● TASK
Omit the pictures, then reproduce exactly the line bearing "然后在用户权限分配中找到 作为批处理作业登录 添加相应帐户" and every line after it up to and including the last line of the entries below.
[[ DATASET ENTRIES, beginning ]]
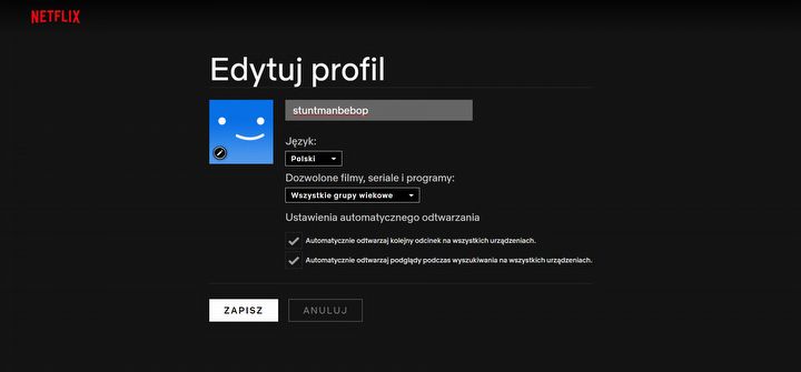 Dla każdego z użytkowników jednego konta można wprowadzić odmienne ustawienia, które będą działać na wszystkich urządzeniach. Netflix zastrzega, że modyfikacja może zostać wprowadzona z opóźnieniem. Dlatego najlepiej wymusić zastosowanie nowych ustawień przez przełączenie się między dostępnymi profilami. Zmian można dokonać w wersji desktopowej wchodząc w „Konto” (prawy górny róg), a następnie w „Zarządzanie profilami”.
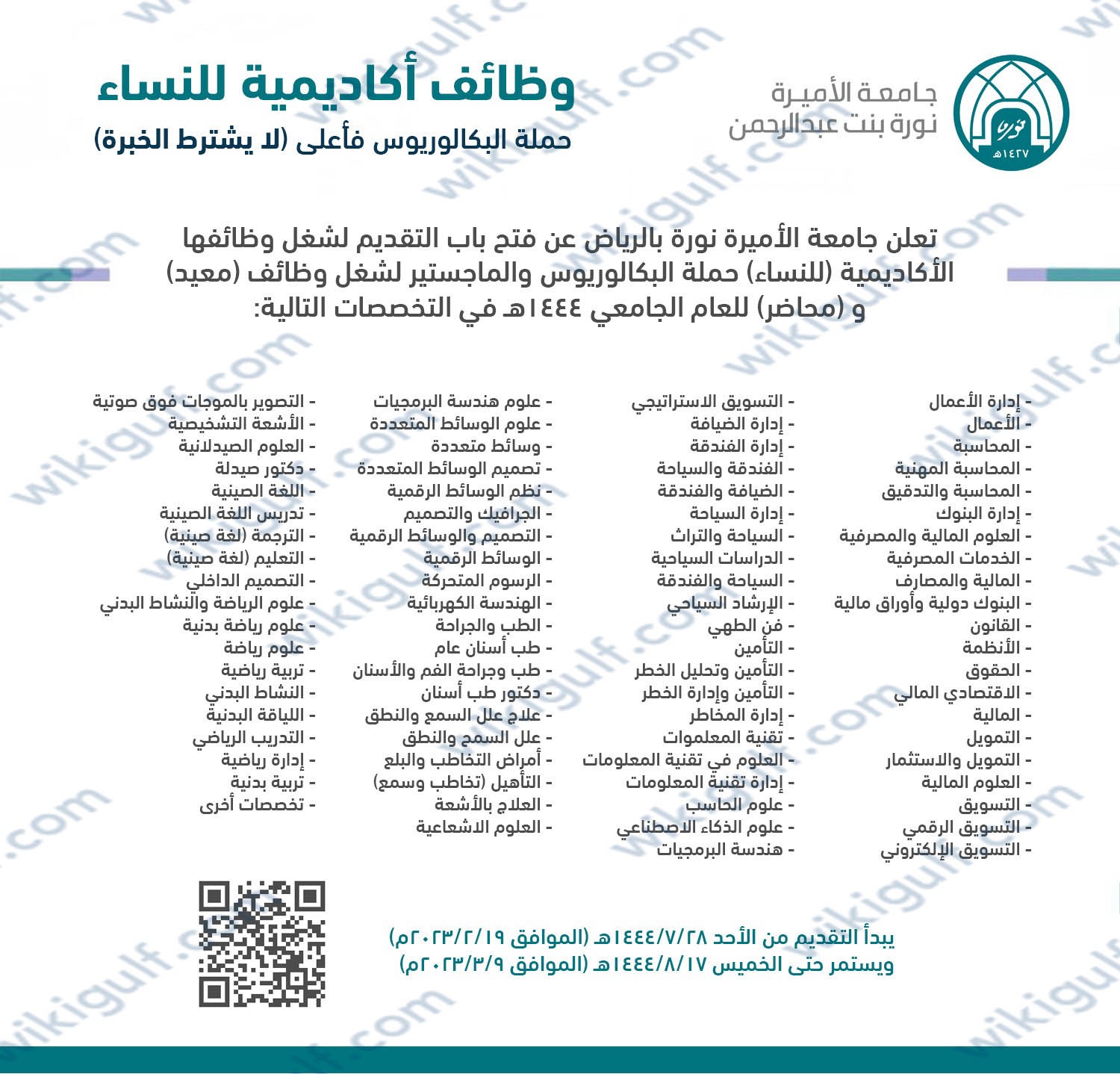 - جامعة الأميرة نورة وظائف الأكاديمية
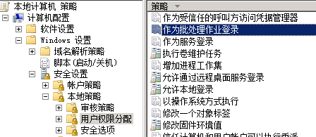 然后在用户权限分配中找到 作为批处理作业登录 添加相应帐户
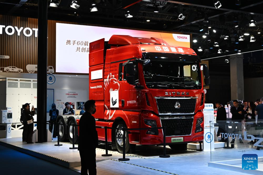 A hydrogen fuel cell heavy truck is on display at the Automobile Exhibition Area during the seventh China International Import Expo (CIIE) in east China's Shanghai, Nov. 7, 2024. The Automobile Exhibition Area, with the theme of "Unlimited Mobility Possibilities in the Future," serves as a platform for showcasing high-end technology and debuting new automotive products. (Xinhua/Xin Yuewei)
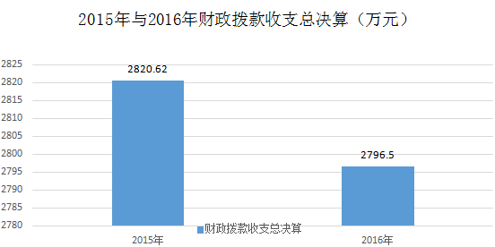 评审中心2016年度财政拨款收支总决算2796.50万元。与2015年相比,财政拨款收、支总计各减少24.12万元,下降0.86%。
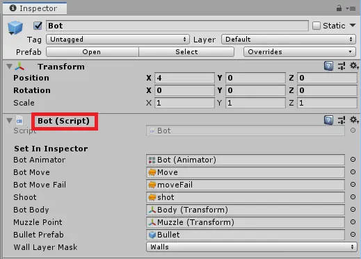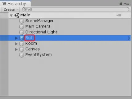 场景中最有趣的部分是Bot游戏对象,在层级窗口单击选中该对象。
[[ DATASET ENTRIES, end ]]
● RESULT OF THIS TASK
 然后在用户权限分配中找到 作为批处理作业登录 添加相应帐户
 A hydrogen fuel cell heavy truck is on display at the Automobile Exhibition Area during the seventh China International Import Expo (CIIE) in east China's Shanghai, Nov. 7, 2024. The Automobile Exhibition Area, with the theme of "Unlimited Mobility Possibilities in the Future," serves as a platform for showcasing high-end technology and debuting new automotive products. (Xinhua/Xin Yuewei)
 评审中心2016年度财政拨款收支总决算2796.50万元。与2015年相比,财政拨款收、支总计各减少24.12万元,下降0.86%。
 场景中最有趣的部分是Bot游戏对象,在层级窗口单击选中该对象。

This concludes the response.